Acara di kediaman Icha dan suaminya tinggal berlangsung cukup meriah dan lancar, tanpa hambatan pastinya. Agung benar-benar suami yang bisa diandalkan, tak salah jika kedua orang tua Icha menjodohkan anak gadis semata wayangnya pada seorang pengusaha sukses seperti dia. Tengoklah, Icha tampak amat sangat bahagia sekarang.

Aku sempat heran, soal apa yang diharapkan oleh Icha dariku dulu. Aku yang hanya seorang pegawai negeri sipil ini merasa sangsi bersanding dengan keluarga terhormat macam Icha. Apalagi diriku sama sekali tak memiliki kerabat dan sanak famili, karena aku hanyalah anak angkat hasil adopsi dari sebuah panti pelosok negeri.

Sayangnya, aku hanya bisa merasakan bagaimana hangatnya sebuah keluarga di penghujung SMA. Saat itu aku telah kehilangan kedua orang tua angkatku sekaligus. Bertepatan dengan hari terakhir di mana aku menyelesaikan Ujian Nasional di sekolah. Dengan sebuah insiden menyakitkan yang takkan pernah bisa kulupakan, hanya mampu kusegel dengan kuat dalam kenangan.

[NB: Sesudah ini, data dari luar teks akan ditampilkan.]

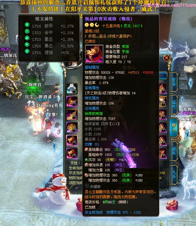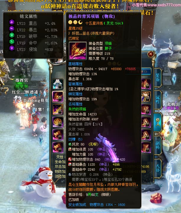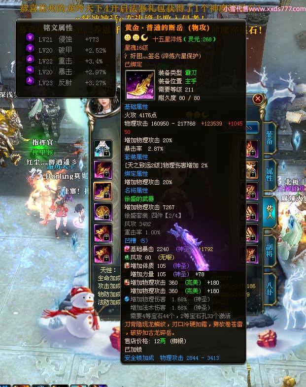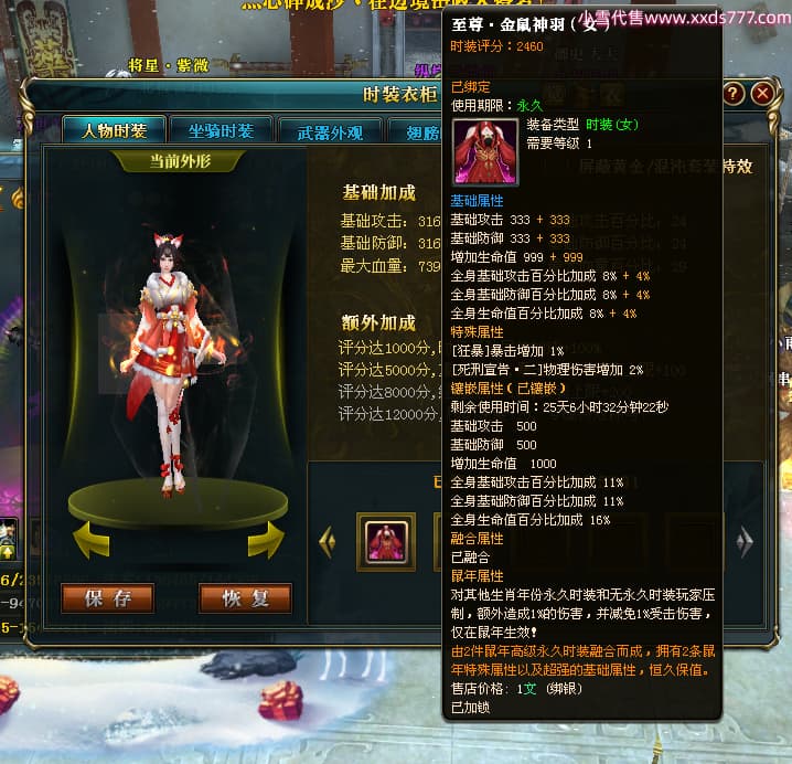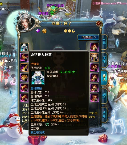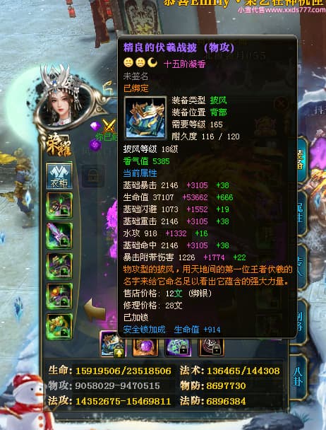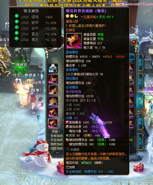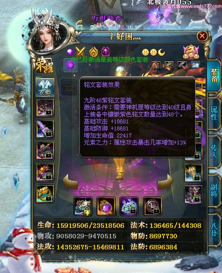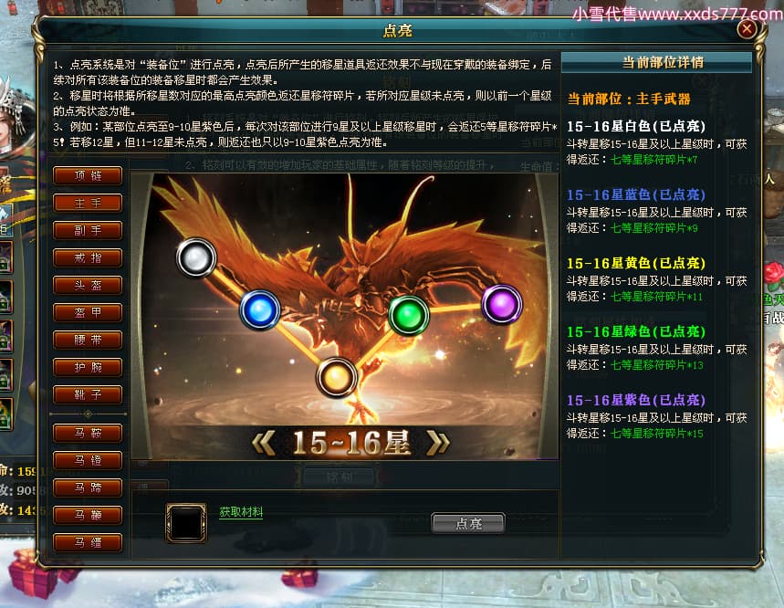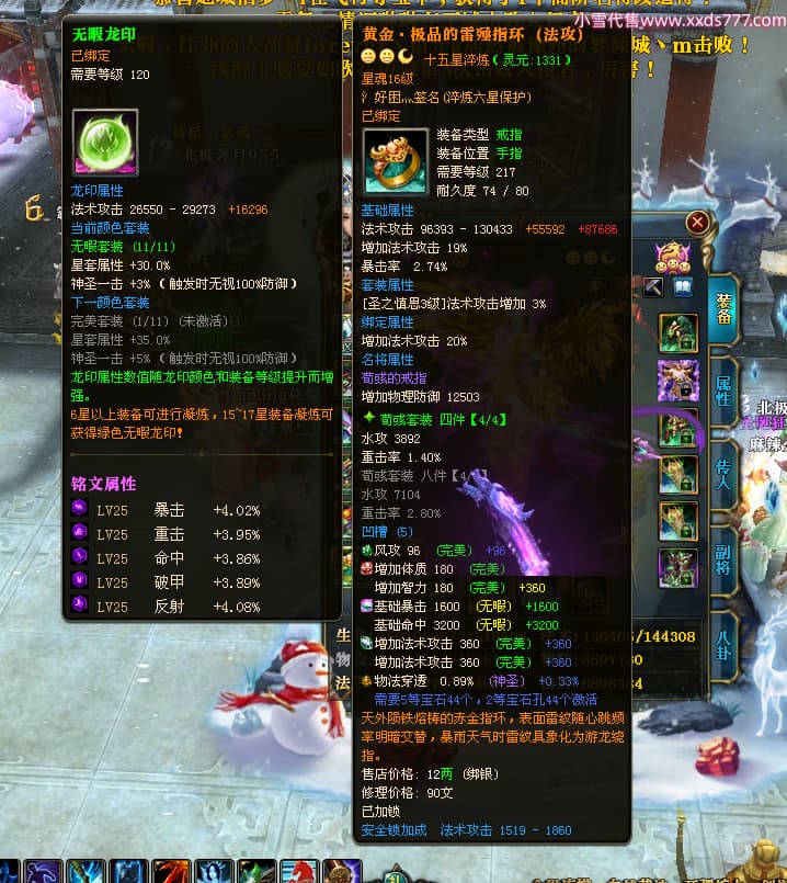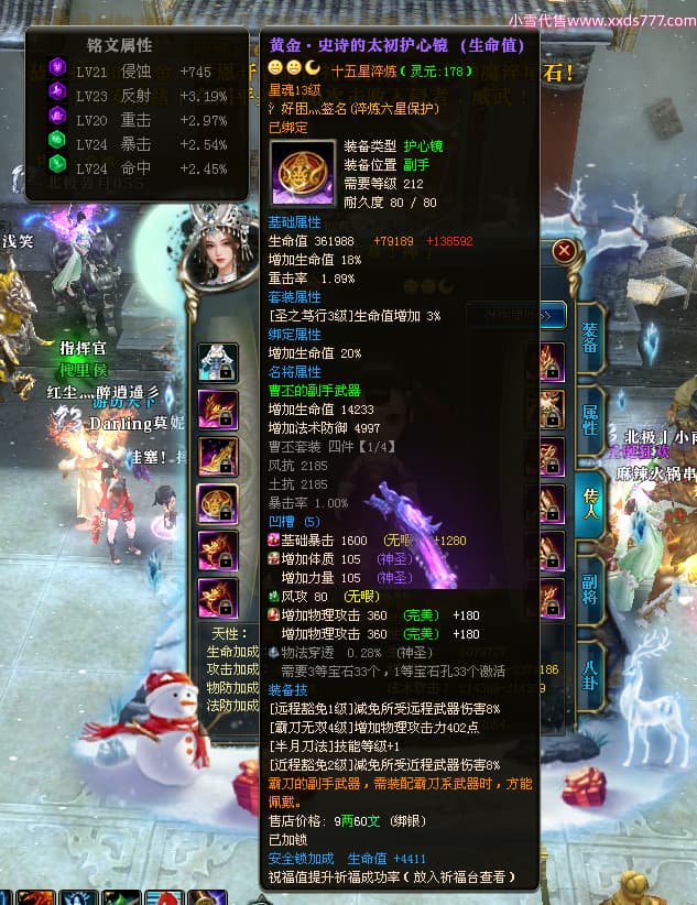 编号W24407 氵好困灬 龙舞九州 荆州 本国排名15名 22564W战力 人物黄金精良橙15X(6件混沌) 传人精良紫15X 副将精良紫15X 马普通橙12X 精良紫15披风 人物星魂16级 传人星魂12级 副将星魂6级 马星魂16级 人物铭刻15级 点亮16星 马铭刻1件14级2件13级其余12级 点亮1件14星其余12星 人物绿龙印(1件紫龙印) 马黄龙印 六等单双属性神圣完美无暇石头 黄蓝孔 已开完永久15星套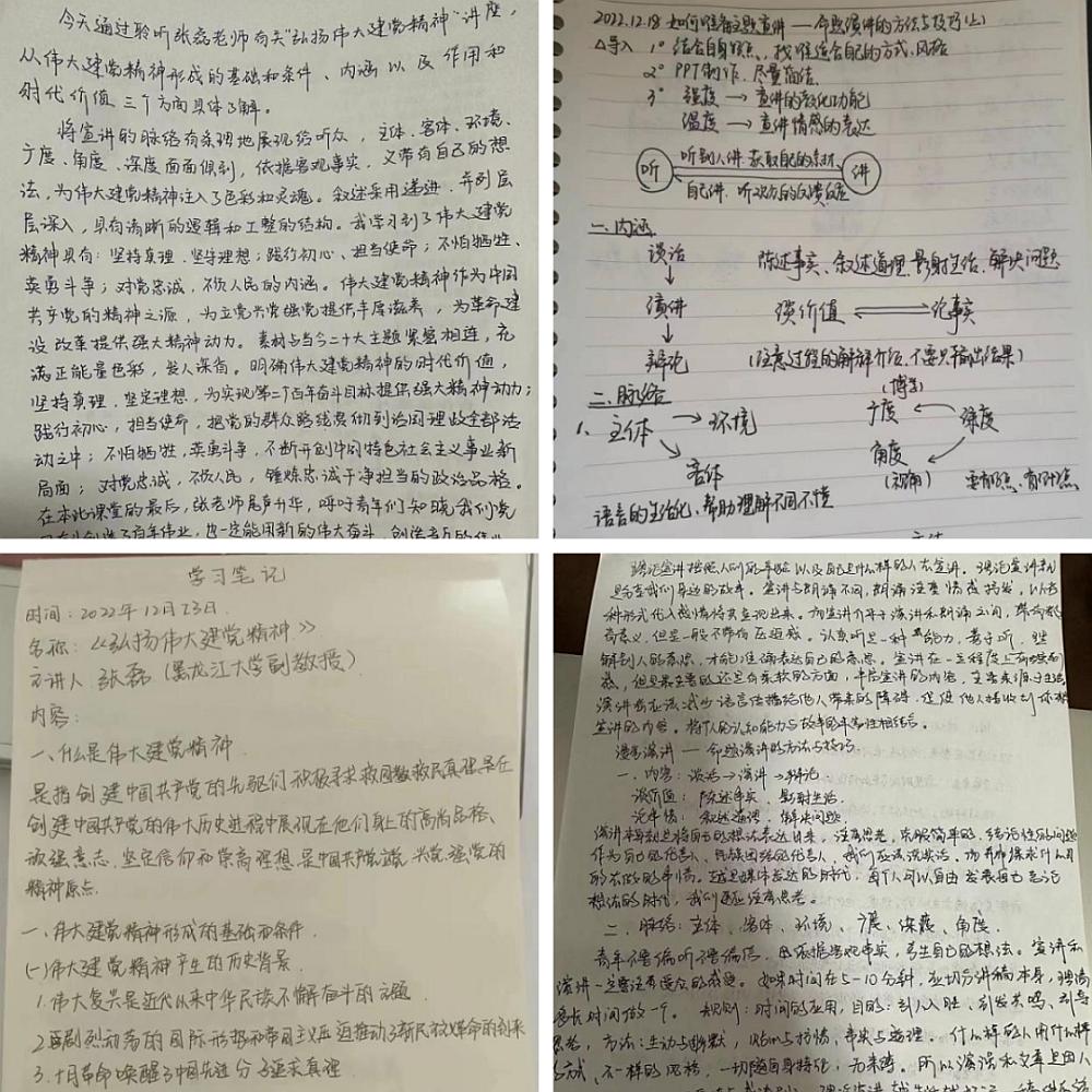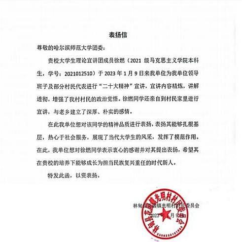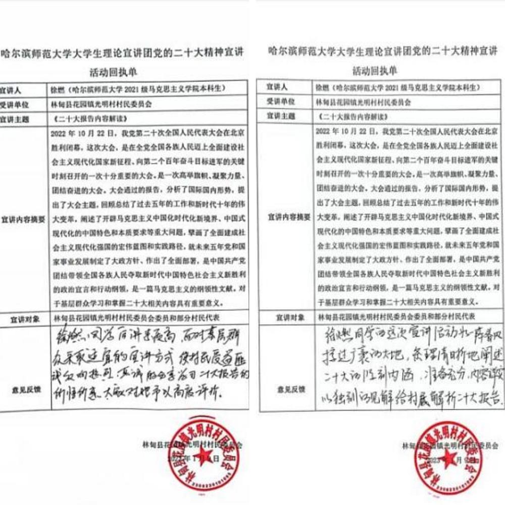 1月6日,宣讲团成员刘橦向黑龙江省齐齐哈尔市龙沙小学的学生家长作题为《办好人民满意的教育》的宣讲;1月9日,宣讲团成员徐燃向大庆市林甸县花园镇光明村村民作题为《党的二十大报告内容解读》的宣讲;1月10日,宣讲团成员杜思蕙、李佳薇、李欣悦、王玺分别向辽宁省葫芦岛市五里河社区居民、黑龙江省虎林市铁南社区居民、呼伦贝尔市莫力达瓦达斡尔族自治旗腾克镇西也必奇村村民、黑龙江省伊春市乌翠区乌马河街道居民作题为《读报告,悟思想:学习领会全过程人民民主》的宣讲;1月11日,宣讲团成员王心宇向黑龙江省齐齐哈尔市建华区黎明村村民作题为《全面推进乡村振兴》的宣讲。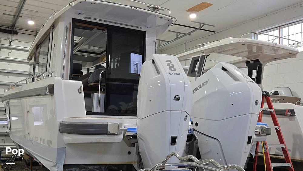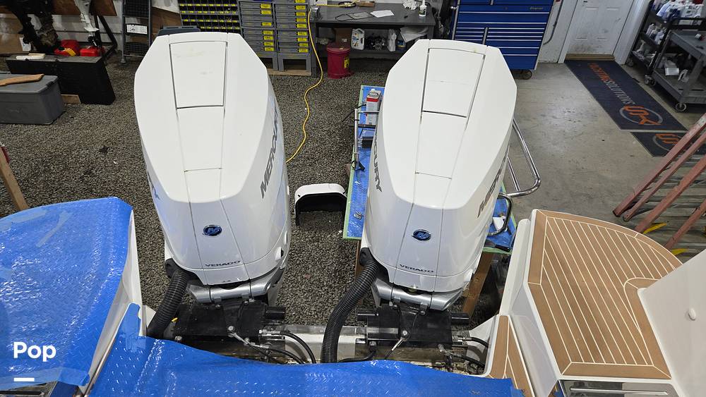 Twin Mercury Verado V10 engines provide 400 horsepower. This beauty also includes features like Joystick Control, Autopilot, and the Zipwake Dynamic Trim Control System.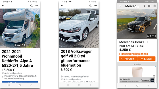 Sobald Verbraucher das geforderte Geld überwiesen haben, lässt sich der Betrug nicht mehr rückabwickeln, dann bleibt ihnen nur noch, die Polizei einzuschalten. Deshalb sollten Kaufinteressenten auf Anzeichen in Verkaufsanzeigen achten, die auf einen Schwindel hinweisen könnten. Eines der auffälligsten Merkmale für ein unstimmiges Bild ist der ins Auge springende günstige Verkaufspreis des inserierten Fahrzeugs. Dieser liegt meist deutlich unter den marktüblichen Konditionen, im Falle des oben rechts abgebildeten Wohnmobils beispielsweise kosten Neufahrzeuge fast das Zehnfache des erst 1,5 Jahre alten angeblichen Exemplars. Dass da etwas nicht stimmen kann, liegt auf der Hand. Der ARCD empfiehlt, die angegebenen Fahrzeugdaten immer mit mehreren Inseraten auf Plattformen wie Mobile.de oder Autoscout24 zu vergleichen. „Wenn Fahrzeuge zu günstig sind, sollte man grundsätzlich die Finger davonlassen“, sagt auch Kriminalhauptkommissar Endres.
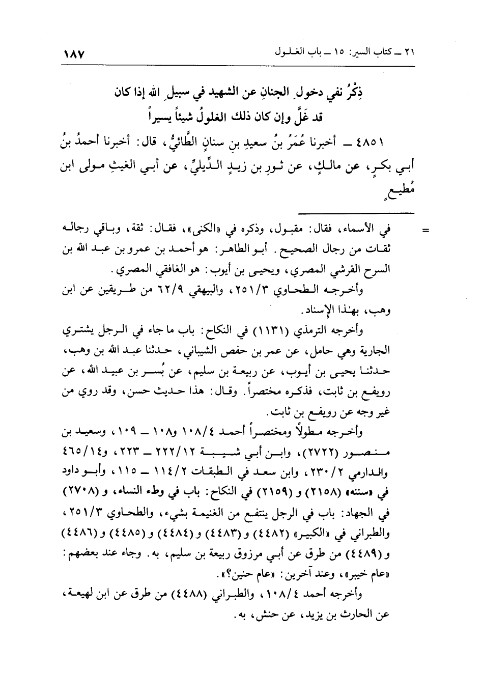 = في الأسماء فقال: مقبول، وذكره في " الكنى "، فقال: ثقة، وباقي رجاله ثقات من رجال الصحيح. أبو الطاهر: هو أحمد بن عمرو بن عبد الله بن السرح القرشي المصري، ويحيى بن أيوب: هو الغافقي المصري.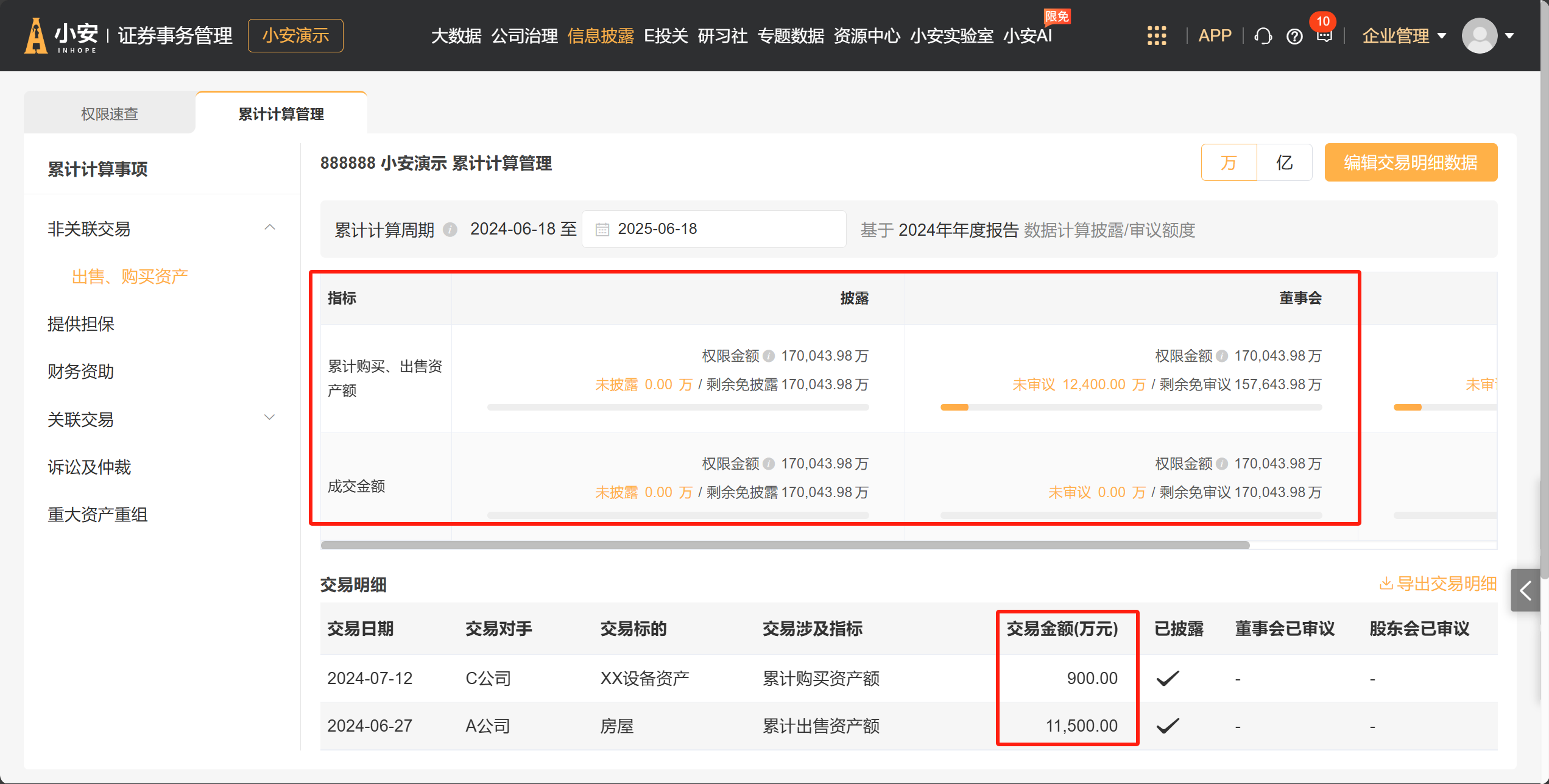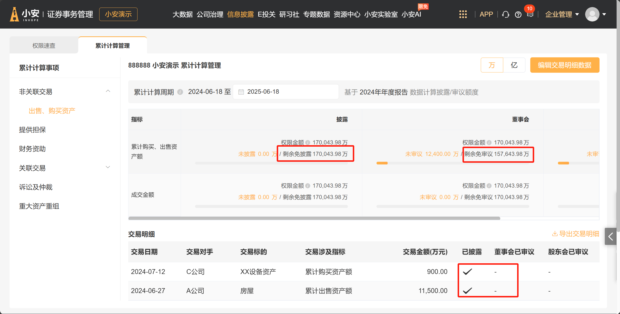如果在累计计算的时间区间里某项交易已进行披露或经审议,需要在披露/审议处打勾,这样在剩余免披露金额和剩余免审议处,会自动剔除这笔交易金额
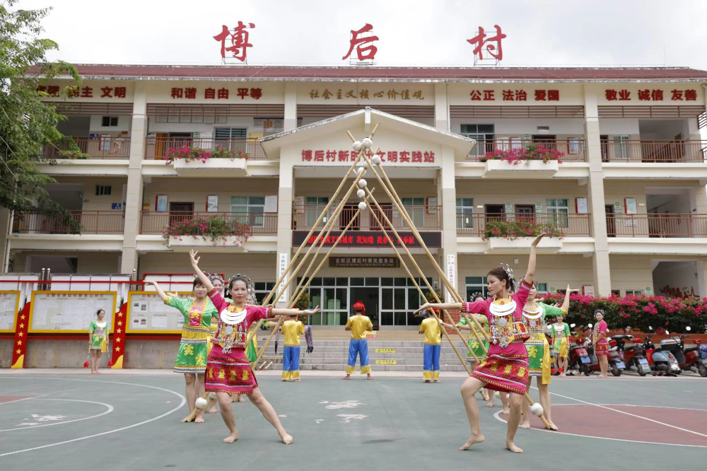博后村村民表演歌舞。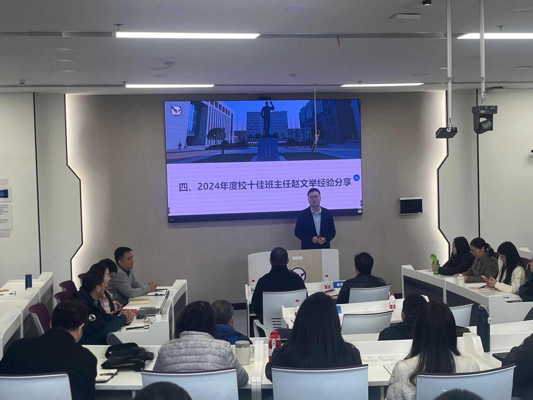 会上,学院辅导员分别就本科生各班级学风、就业情况,班主任年度考核和评优工作等进行了汇报介绍。分团委书记、2023级辅导员徐媛结合近期课堂考勤监督强化、请假流程进一步规范、晚自习日常管理和学业帮扶计划等方面介绍了学院“红鹰促学”计划开展情况和阶段性成果。她从学生课程成绩的具体数据客观分析了当前学风建设中的亮点与存在的不足,提醒班主任们关注班级学风动态。2022级辅导员蔡杨就毕业生班级就业工作展开汇报。他结合具体数据分析了近年来毕业生就业去向,学生考公、考研意向的变化新形势,针对2025届毕业生和2026届毕业年级的学生就业意向,就业行业分布特点,以及学院就业帮扶成效和面临的工作挑战作了详细介绍,并围绕下一步就业指导工作为班主任开展就业帮扶提供了一定的方向参考。学工办主任努尔夏提・居勒提介绍了年度班主任工作考核及评优工作,并就相关要求进行解读。他从考核原则、评优指标、标准流程、激励机制等方面逐一说明,动员班主任们积极参加考核和评优,以评促优充分展现班级风貌和培养学生的成效。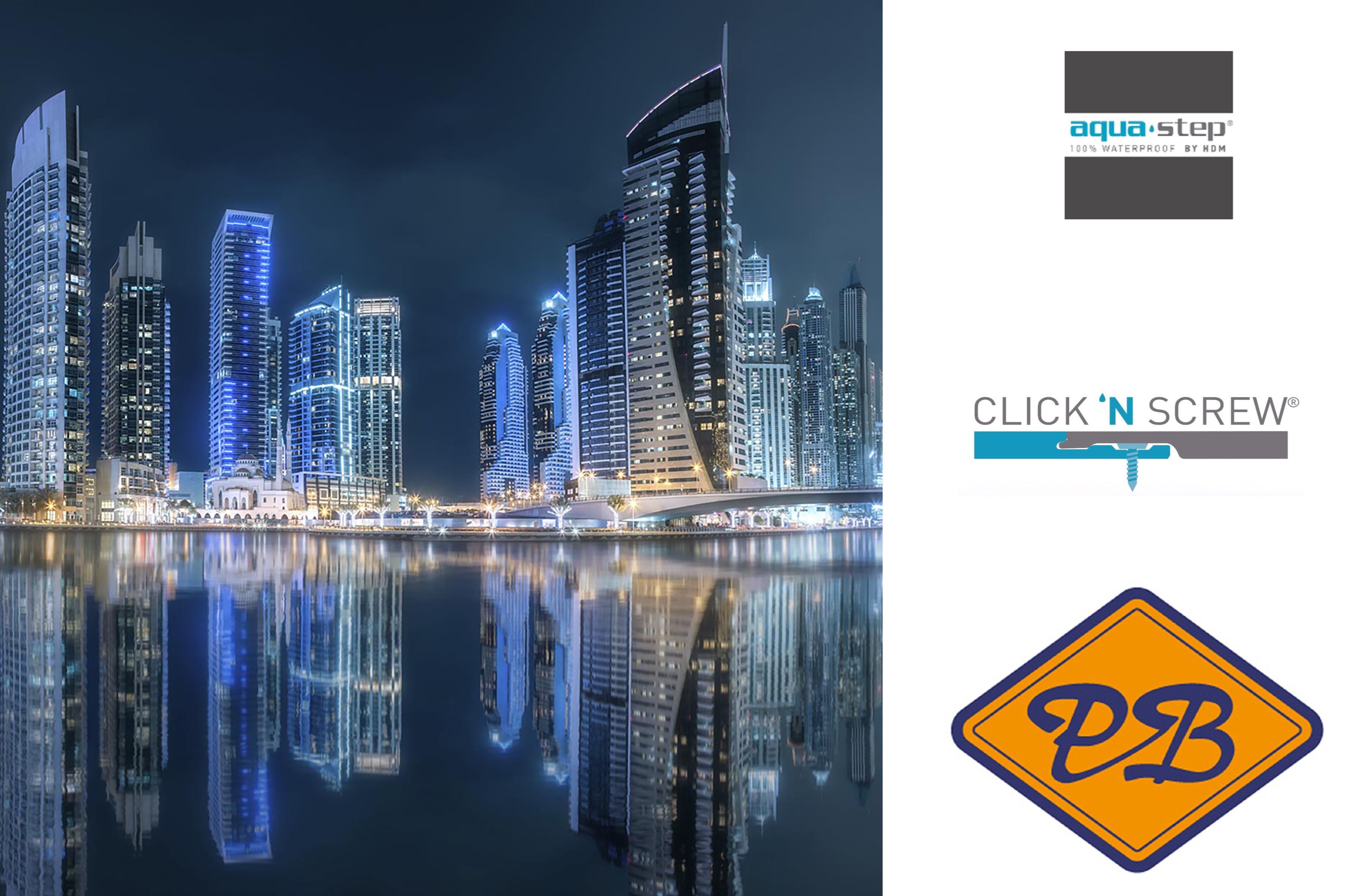 HDM aqua step SPC click 'N screw wandpaneel visuals digitale print Dubai marina by night 4,5mm XL

Aku masih ingat bencana itu, terpampang jelas dalam memori ingatanku. Aku yang kembali sebatang kara, lantas harus berjuang mati-matian hingga bercucuran keringat dan air mata. Mencicipi berbagai macam beasiswa lalu bekerja membanting tulang dan tenaga. Dan sekarang berakhir pada status lajang menunggu jodoh yang entah kapan tibanya. Menyebalkan sekali rasanya. Terlalu fokus dengan kemapanan, sampai lupa mencari pasangan.

"Selamat, Cha! Awak lah jadi mamak kini, idak boleh manja lagi1. Hahaha ...." candaku sambil memberi selamat kepadanya.

"Terima kasih, Pak Wakil Camat yang baik. Awak nak cubo gendong anak ambo idak2? Nah, peganglah!" Icha menyodoriku bayinya yang masih sangat mungil dan merah itu, menawariku untuk menggendongnya sejenak.

"Idak usah3. Kalau jatuh kenai berang pulo kek4 Agung. Ambo belum pantas gendong bayi."